Девица спустилась в прихожую, порылась в складках платья и протянула Луизе бархатный кошель на витой тесемке:

— Ее светлость благодарит вас за услугу.

Луиза с каким-то затаенным ужасом смотрела, как покачивается набитый кошель в тонких пальцах посланницы. Как маятник. Гордость требовала развернуться и уйти, не притронувшись к этим деньгам… но бедность советовала иначе. Это было невыносимо. Сейчас Луиза, как никогда, понимала отца. Внутри словно подцепили раскаленными клещами и выкручивали. Грудь сдавило нестерпимо, в висках теплело, в ушах нарастал шум, будто гудел лес под порывами шквального ветра. Чудовищный выбор: между нуждой и честью.

Луиза открыто взглянула в лицо лиловой девице:

— Верните это ее светлости, сударыня. И передайте, что не все покупается. — Она подхватила платье и направилась к двери, которую уже открывал ливрейный лакей.

Сколько было в этом кошеле? Десять? Двадцать? Пятьдесят ливров? Сердце бесновалось, перед глазами от напряжения вились серебристые «мошки». Хотелось бежать прочь со всех ног, чтобы избавиться от соблазна вернуться и взять деньги. Но теперь это было бы вдвойне унизительно. Дело сделано. Теперь никакая сила на свете не заставит ее изменить решение.

Как в сонном кошмаре Луиза спустилась со ступеней подъезда. Остановилась на миг и оперлась рукой о каменного льва. Сбивчиво дышала, но воздуха не хватало. Мучительно хотелось распустить корсет, который Колет затянула с таким усердием, что едва не треснули ребра. Но Луиза так хотела выглядеть достойно…

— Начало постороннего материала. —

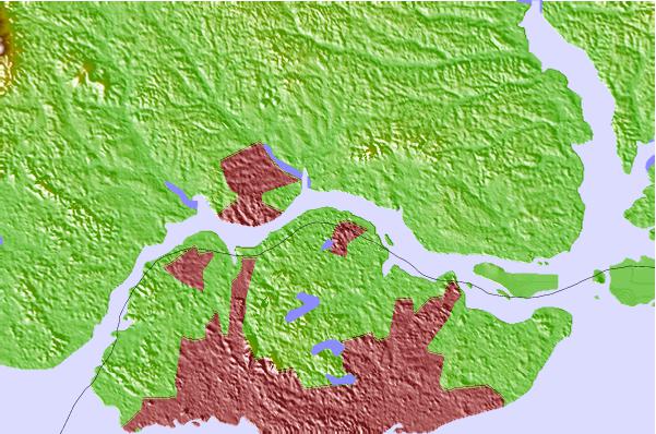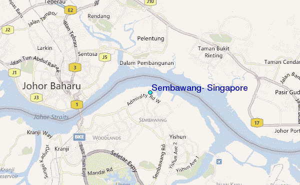 Use this relief map to navigate to tide stations, surf breaks and cities that are in the area of Sembawang, Singapore.
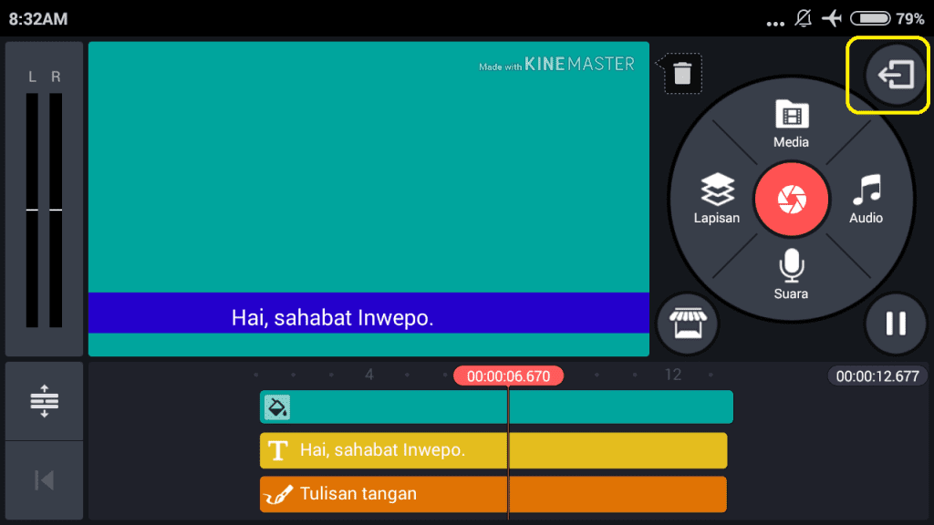 15. Untuk meng-impor, klik tanda panah di pojok kanan atas. Kamu dapat menyimpan video kamu dan share ke social media kamu.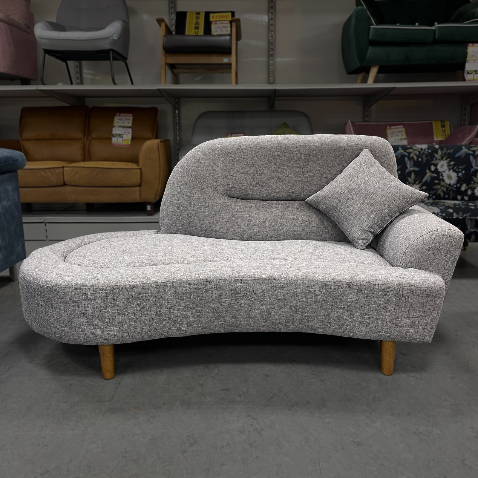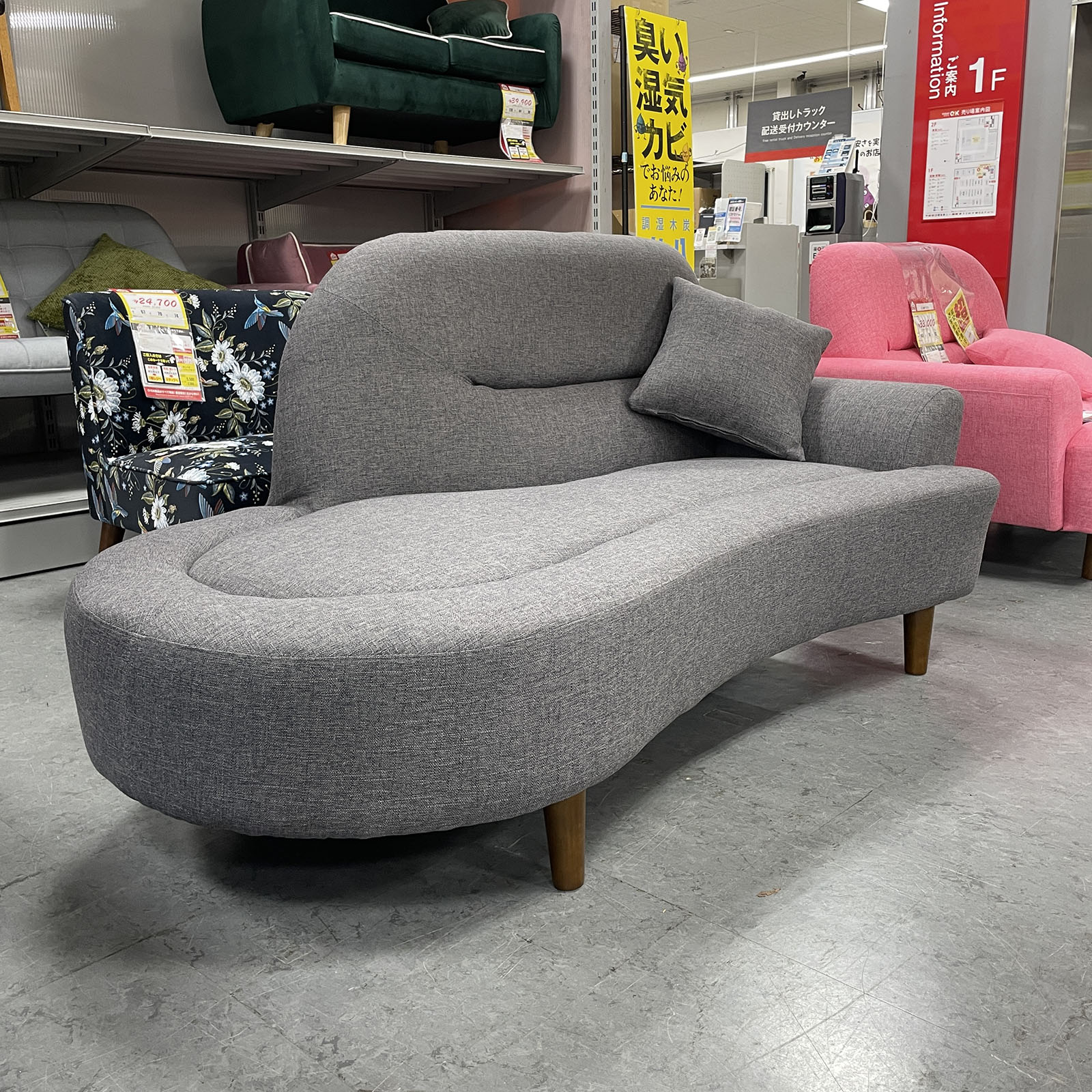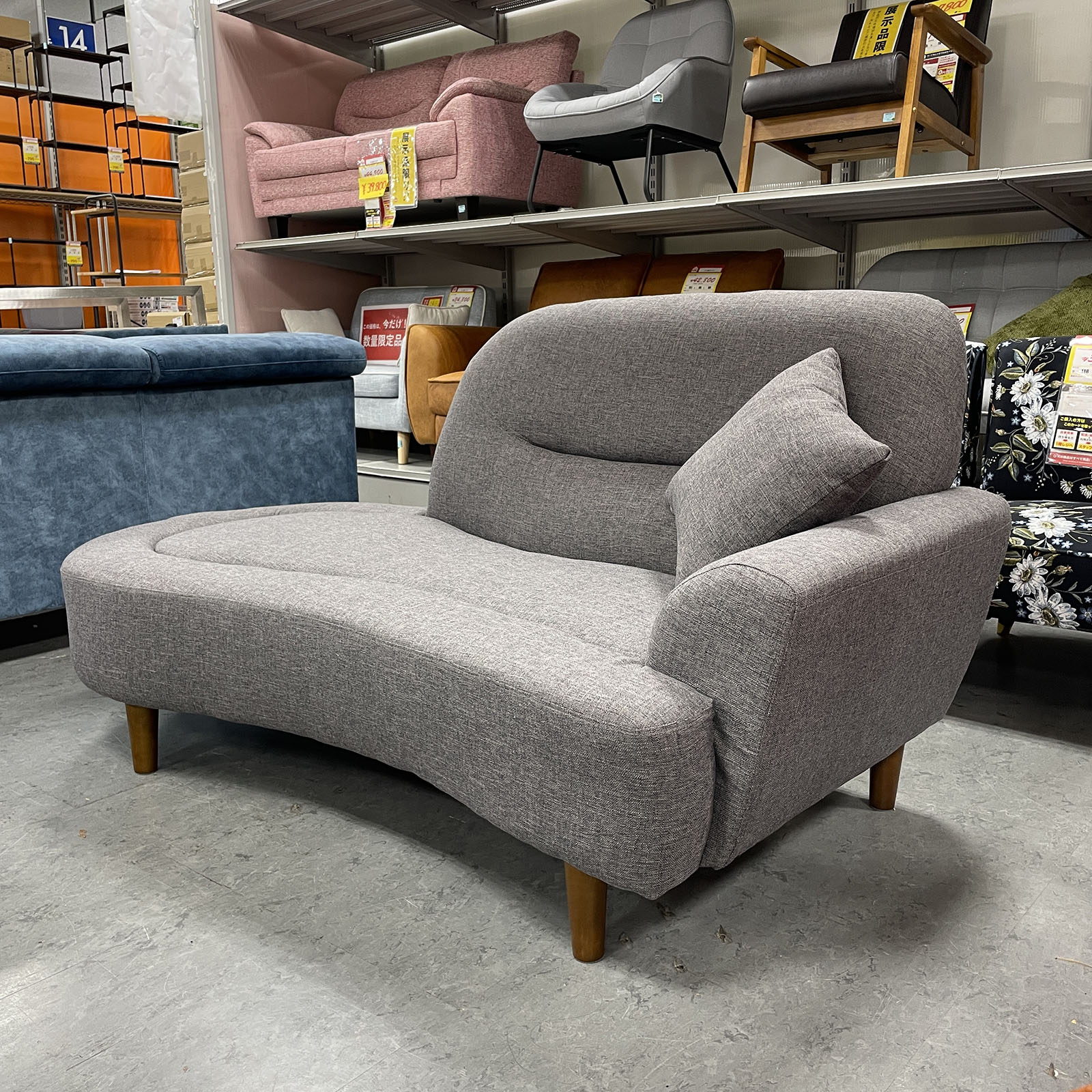 コンパクトで使いやすい片肘タイプのソファ!曲線のあるフォルムがお部屋にやわらかな印象をプラスします☆自由度の高い座り方ができてくつろぎやすさも◎

Она оглядела залитый весенним солнцем мощеный двор, различила своих людей у ворот, все еще стоящих у одинокого сундука. Их надо чем-то кормить… До оставленной у набережной кареты придется идти пешком через весь город. А потом — послать старого Пьера продать где-нибудь гребни и серебряные серьги, чтобы хоть что-нибудь выручить. О продаже тетушкиного жемчуга не могло быть и речи — этого Луиза себе бы уже никогда не простила.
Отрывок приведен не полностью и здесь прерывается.